The authors evaluate the proposed Flex4DHuman-fg method against the Diffuman4D-mono-skeleton baseline on the DNA-Rendering benchmark. The results show that the proposed method achieves superior performance across all reported metrics, including PSNR, SSIM, and LPIPS. Flex4DHuman-fg achieves higher PSNR and SSIM scores than the Diffuman4D-mono-skeleton baseline. The proposed method yields a lower LPIPS score, indicating superior perceptual similarity. The results confirm the effectiveness of the foreground-only approach in novel view synthesis.
The authors evaluate Flex4DHuman against multi-view human diffusion baselines on the DNA-Rendering dataset using PSNR, SSIM, and LPIPS metrics. The results demonstrate that the foreground-only version of their method achieves superior reconstruction quality compared to both single-reference baselines and a ground-truth skeleton baseline. Flex4DHuman-fg achieves the highest scores across all evaluated metrics compared to the listed methods. The proposed method significantly outperforms single-reference baselines like MV-Performer and Diffuman4D-mono-skeleton. Flex4DHuman-fg surpasses the strong Diffuman4D-GT-skeleton baseline despite relying on less geometric information at inference.

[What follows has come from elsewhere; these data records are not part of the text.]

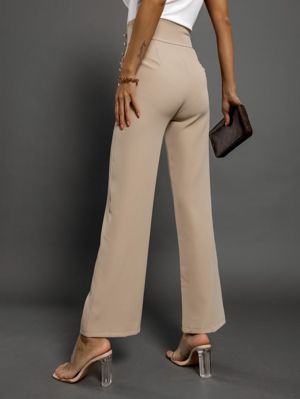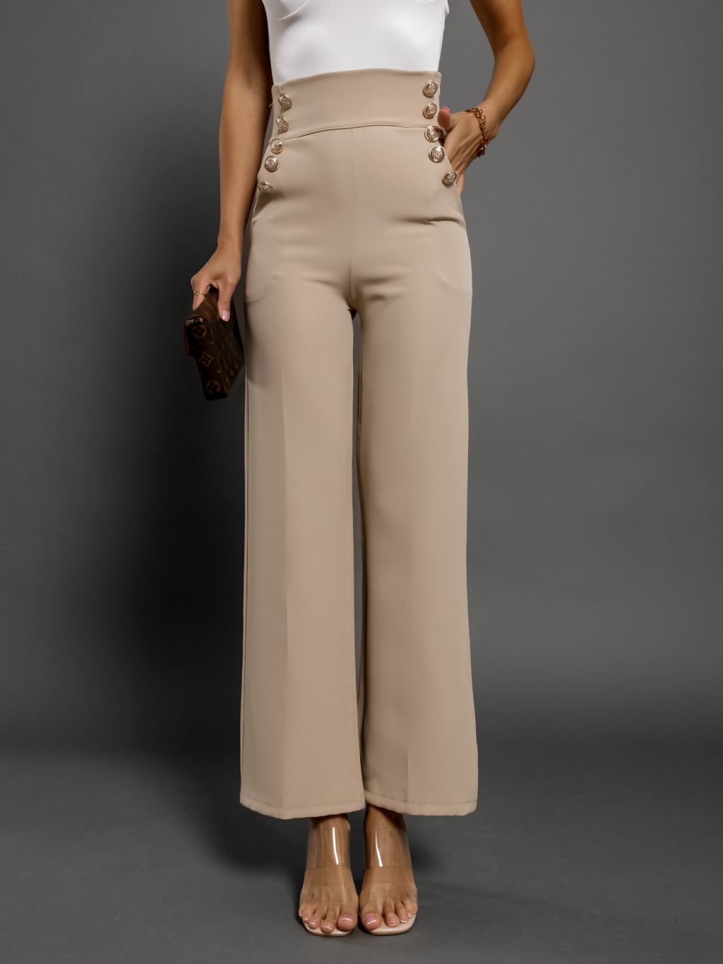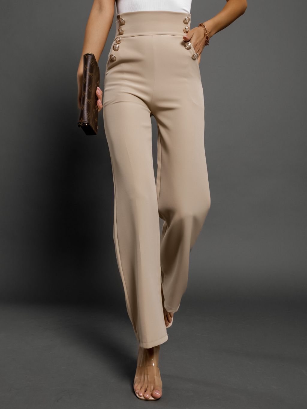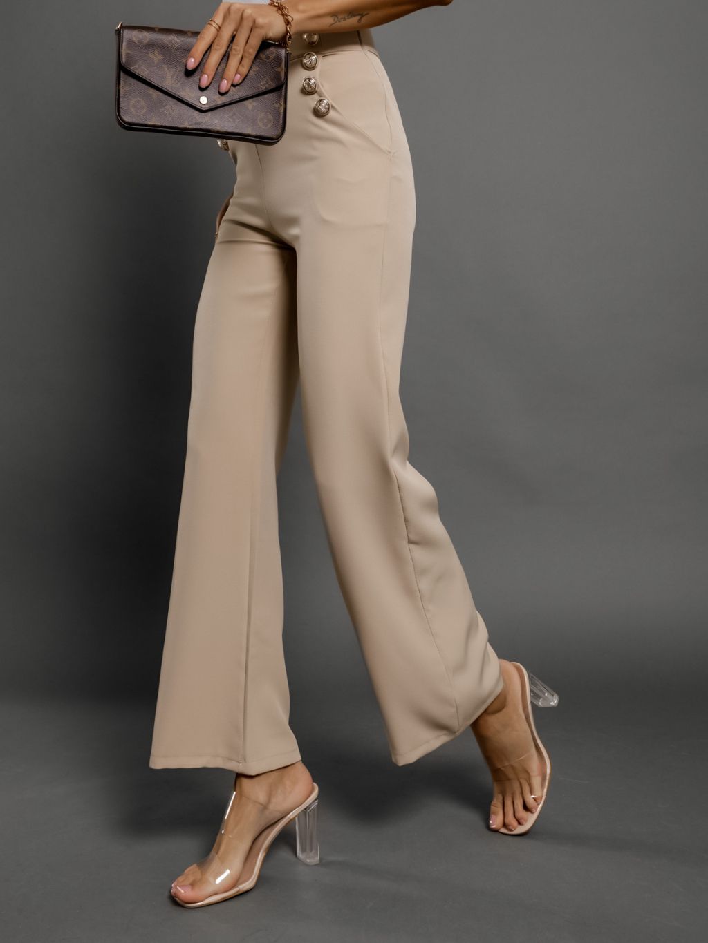 Béžové elegantné nohavice CANDYFLO so zlatými gombíkmi
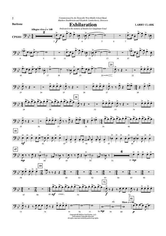 Digital Sheet Music for Exhilaration - Baritone (Bass Clef) by Larry Clark scored for Concert Band; id:406007
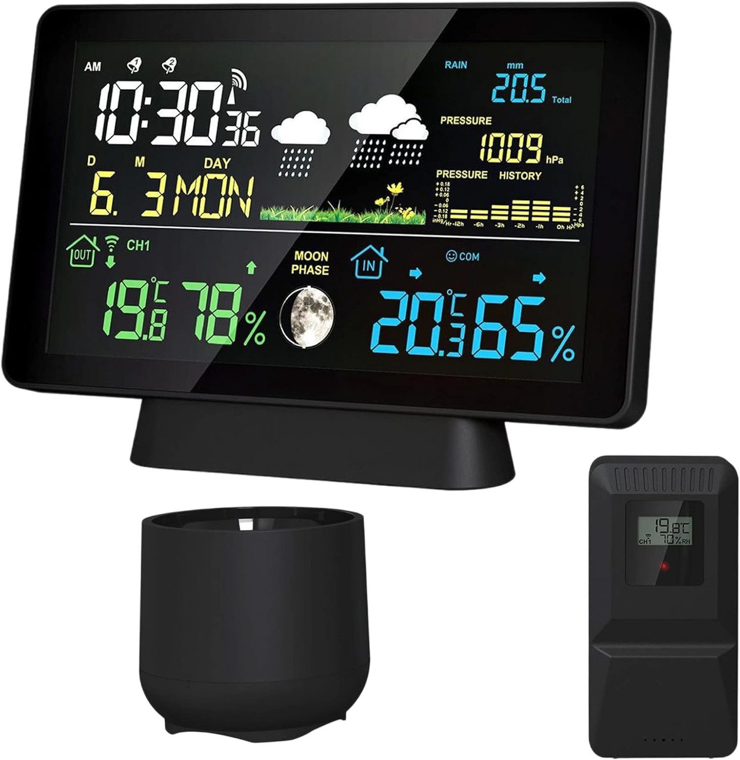Diese multifunktionale Wetterstation zeigt Innen- und Außentemperatur, Luftfeuchtigkeit, Luftdruck, Mondphasen und Wettertrends an. Sie bietet zudem Kalenderfunktionen, einen doppelten Wecker mit Schlaffunktion und Außendaten, ideal für Wohnzimmer, Schlafzimmer oder Gewächshaus.
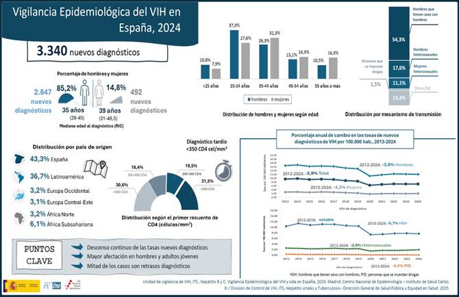 Según el Sistema de Información de nuevos diagnósticos, en 2024 se han notificado en España 3.340 nuevos diagnósticos de VIH, lo que supone una tasa de 6,95 por 100.000 habitantes, aún por encima de la media de los países de la Unión Europea. La mitad de estos casos presentan un diagnóstico tardío. La evolución mantiene una tendencia general descendente, con una reducción más acusada a partir de 2019.
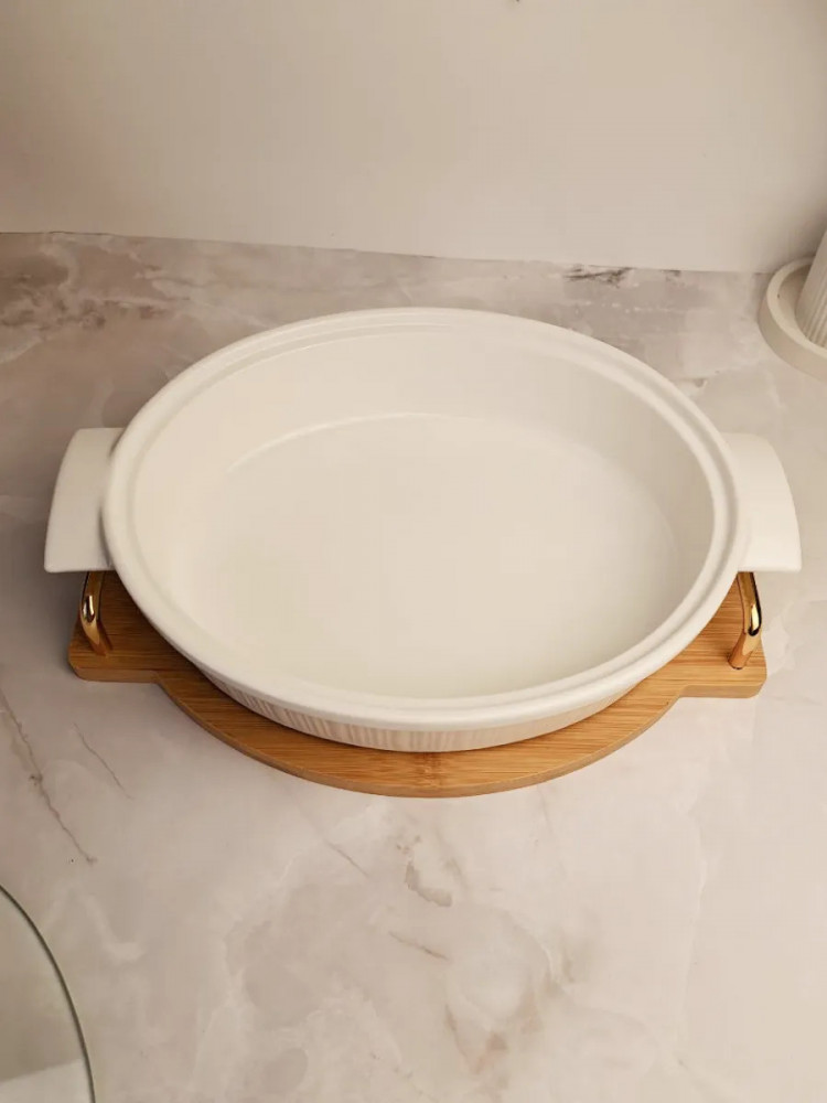 Красивое и функциональное блюдо. При запекании дно и стенки не пригорают. Очень удобная подставка. Спасибо изготовителям и магазину за своевременную доставку.8
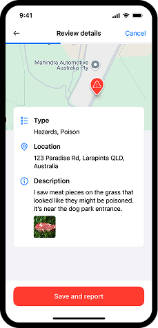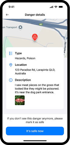 Wenn Sie unterwegs sind und etwas Gefährliches entdecken – wie Rattengift, zerbrochenes Glas, aggressive Hunde oder sogar ein freilaufendes Tier – können Sie dies direkt in der App melden.
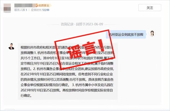 ·杭州因舉行亞運會9月10日到25日放假?官方辟謠。
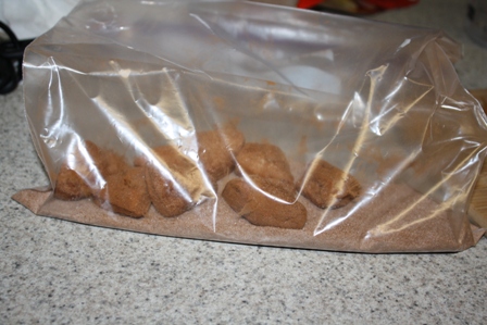 Then I dropped the biscuit triangles by eights into the plastic bag and shook up the bag to coat them with the cinnamon sugar.
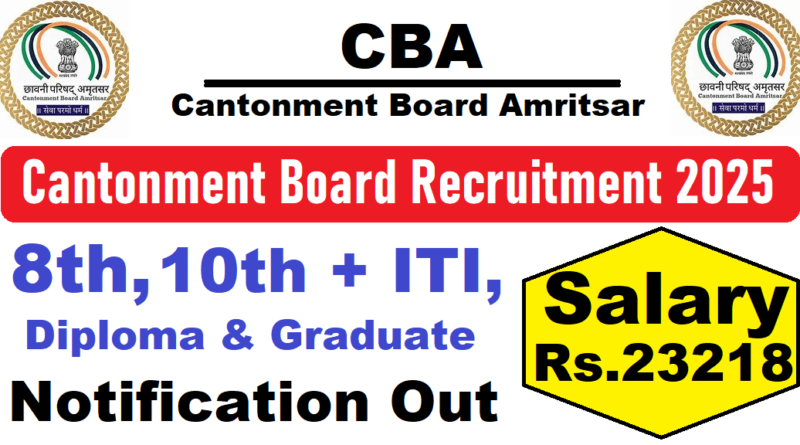 Cantonment Board Recruitment 2025 : Cantonment Board Amritsar की ओर से 06 Posts पर Recruitment निकली है जिसका Online form शुरू है | Cantonment Board Recruitment 2025 Online form 01/06/2025 तक भरा जायेगा | 8th, 10th+ITI, Diploma & Graduate Pass in various candidates Cantonment Board Recruitment 2025 online form भर सकता है | Interested and eligible candidates Cantonment Board Recruitment 2025 form भर सकते हैं | Cantonment Board Recruitment Full Notification निचे दिया गया हैI Cantonment Board Recruitment Apply Link निचे दिया गया है I
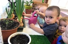 В ясельной группе детского сада дети под руководством воспитателя посадили огород на окне. Они выращивают петрушку, щавель, кориандр, руколу , цветы. А уже подросший зелёный лук дети кушают во время обеда.
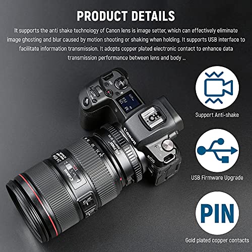 Support AUTO FOCUS, ADJUST APERTURE, EXIF SIGNAL TRANSMISSION and support IS LENS IMAGE STABILIZATION FUNCTION, effectively eliminate image blur caused by hand shake (note: Lens itself must have IS image stabilization function)
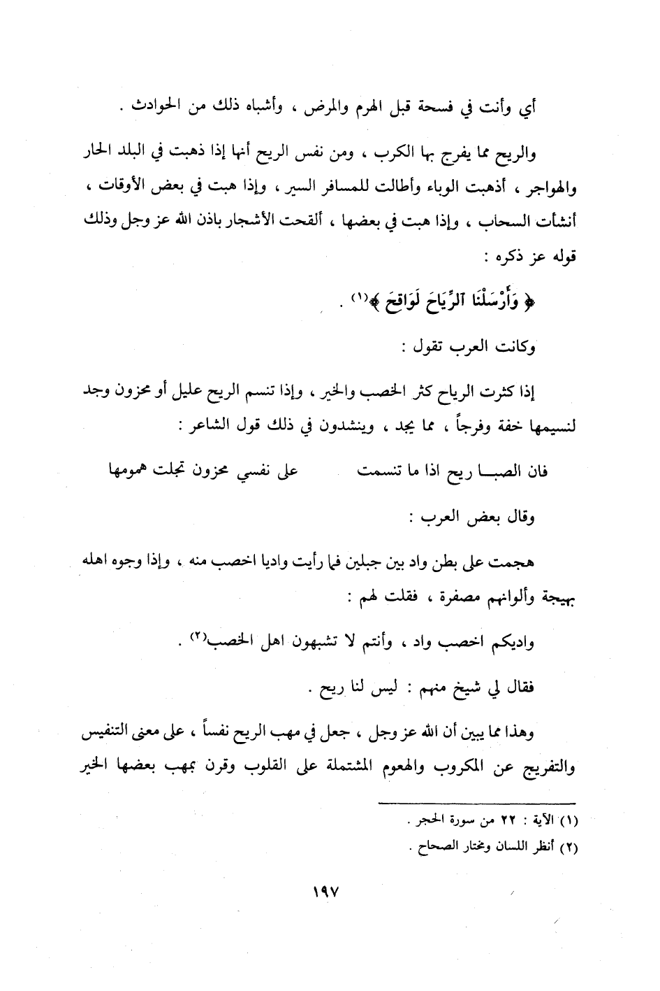 وَالرِّيح مِمَّا يفرج بهَا الكرب وَمن نفس الرّيح أَنَّهَا إِذا ذهبت فِي الْبَلَد الْحَار والهواجر أذهبت الوباء وأطالت للْمُسَافِر السّير وَإِذا هبت فِي بعض الْأَوْقَات أنشأت السَّحَاب وَإِذا هبت فِي بَعْضهَا ألقحت الْأَشْجَار بِإِذن الله عز وَجل وَذَلِكَ قَوْله عز ذكره {وَأَرْسَلْنَا الرِّيَاح لَوَاقِح}
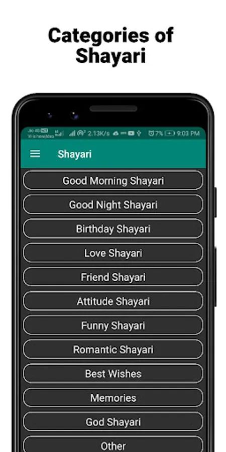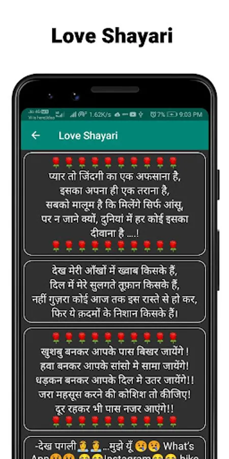 Nirmal Labs attempts to equip you with the power of expression through Shayari be it any occasion, time of day, festival, social event mood, feelings(love, rage, pain, attitude, devotion, strength ), memories, or sarcasm and fun.
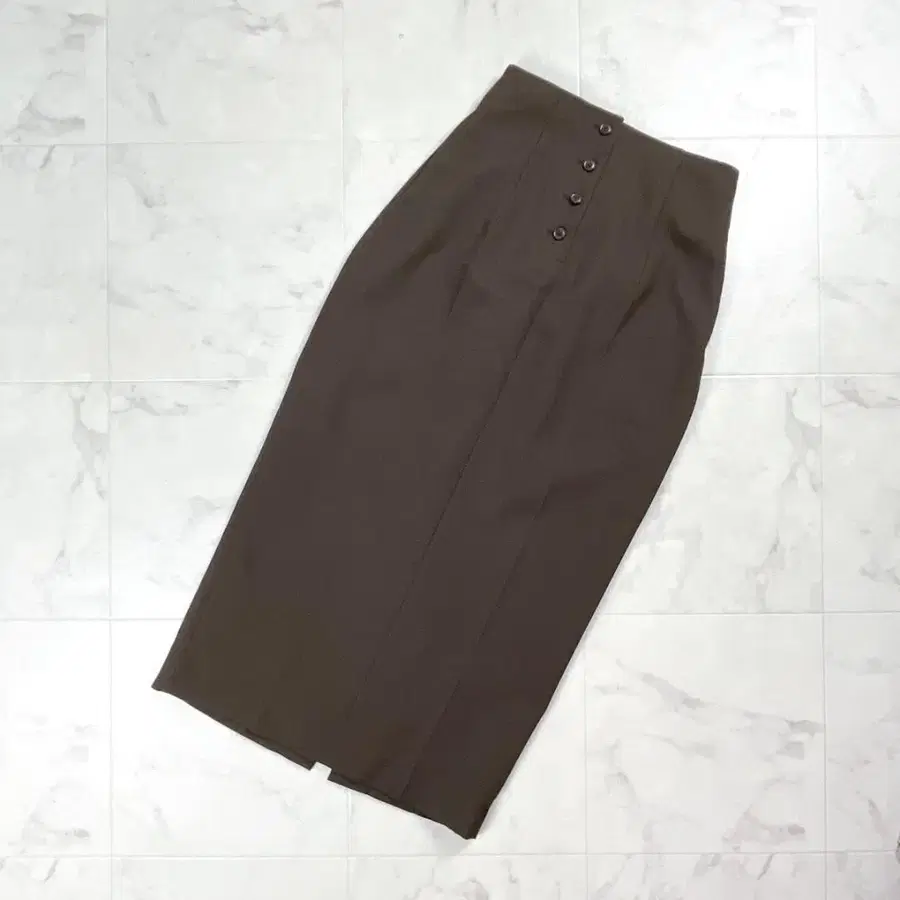 자동 번역되었어요. 원문보기새상품급 ASTRAET 아스트라에트 도비 페그탑 롱 스커트 펜슬 타이트 프론트 버튼 종아리 기장 브라운 색상 사이즈 0*HD26
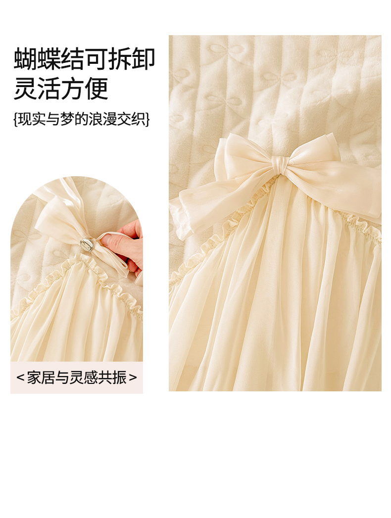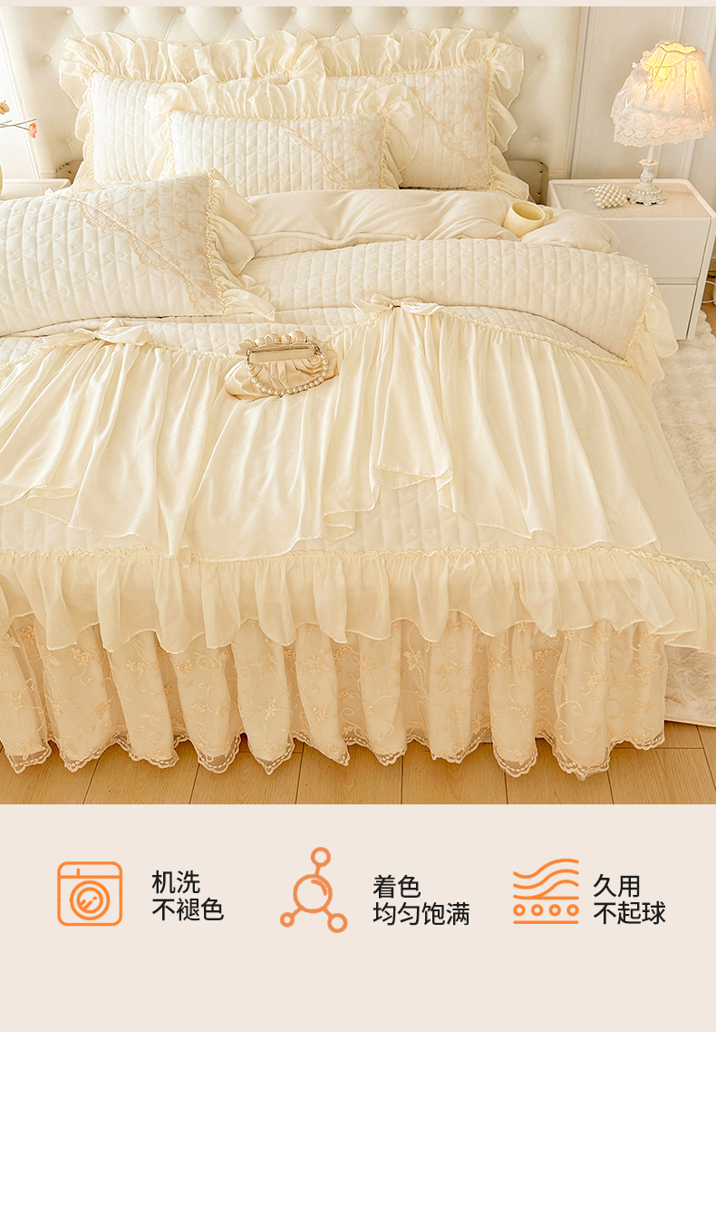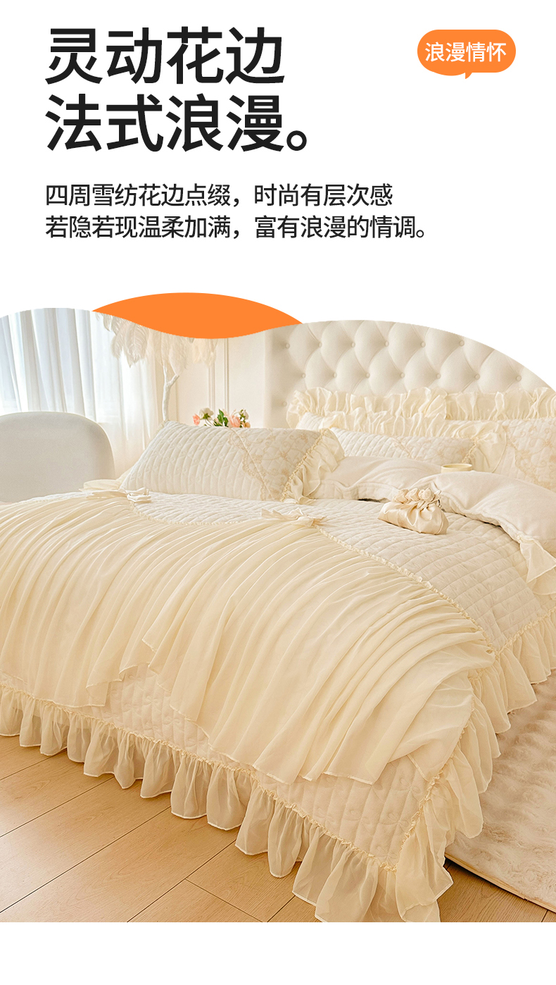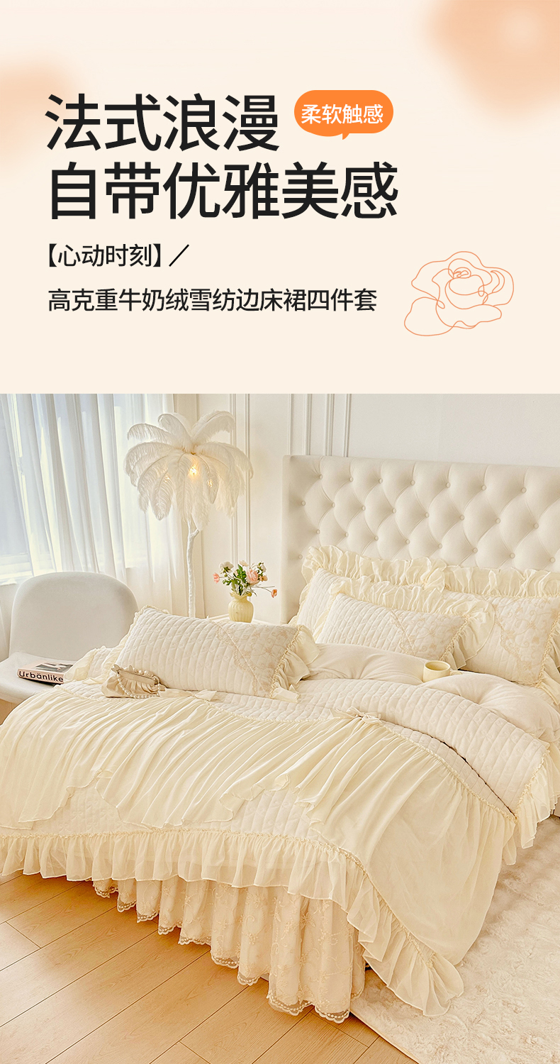 当前位置: 91家纺网 > 商品网购 > 床品套件 > 四件套 > 其它四件套 > 罗艺轩 2024新款高克重牛奶雪纺边床裙四件套-羽蝶 奶昔
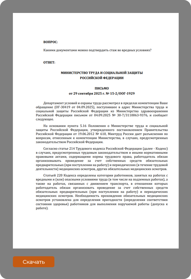 В связи с этим именно работодатель располагает всей необходимой документацией, включая кадровые приказы, табели учета рабочего времени и личные карточки, которые могут подтвердить периоды работы персонала во вредных условиях труда в конкретной организации. Вопросы же, касающиеся медицинских аспектов, в том числе разъяснения порядка проведения медицинских осмотров и периодичности направления в центр профпатологии, авторами разъяснений отнесены к компетенции Минздрава России.

The study evaluates the model across the DNA-Rendering, ActorsHQ, and Dynamic Furry Animal datasets to assess generalization beyond human subjects. Experiments on human data demonstrate that the proposed foreground-only method achieves superior reconstruction quality compared to multi-view diffusion baselines and ground-truth skeleton baselines. Additionally, results on the Dynamic Furry Animal dataset confirm that the method successfully transfers to non-human subjects without relying on human-specific geometry while maintaining robust generative capabilities for unseen species.